In the resulting darkness I scooped up the pile of double florins from under my plate, some fifty in all, and tipped them into my shirt, folding it up over them.

“Give it back, now.” I had to raise my voice over the cacophony rising from the riot beyond the gate. After a moment or two of fumbling we made the exchange and the place lit up once more, my hand glowing, brilliance lancing out between my fingers. “Come on.” And I led the way out, Hennan at my heels, and others following, drawn by the departing light and fear of being left alone in the dark with dying men who might not die properly.
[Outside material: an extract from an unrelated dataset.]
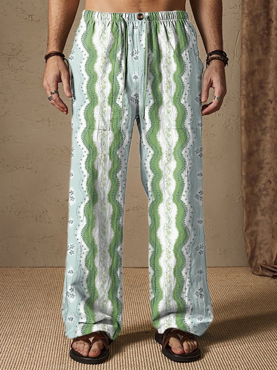 Green Ethnic style Floral Pattern Men's Comfy 100% Cotton Pants

I would have given Hennan the key and let him open the other gates but it seemed cruel to let him touch it. I had to blink at that notion. A year ago the matter of my convenience would have outweighed any worry about cruelty to a child-in fact the cruelty might have been considered an added bonus. .

I stepped over three men wrestling for ownership of a hex, and unlocked the first gate. A few of the more healthy and larger men hurried out to join the struggle for small change, most held back, almost as frightened of me with my glowing hand and black key as they had been of Artos and his half-eaten face.

By the time I reached the fifth cell people were slowly edging out of the already-open cells. I unlocked the gate and immediately a big fellow pushed through. He didn’t join the struggle for the last coin out in the centre: instead he turned on me. I had to look up to meet his gaze. Belligerent dark eyes narrowed at me beneath a shock of black hair. The man had starved with the rest of the last-stage debtors but he’d been a bruiser in his day and he seemed far less impressed with me than his fellows did.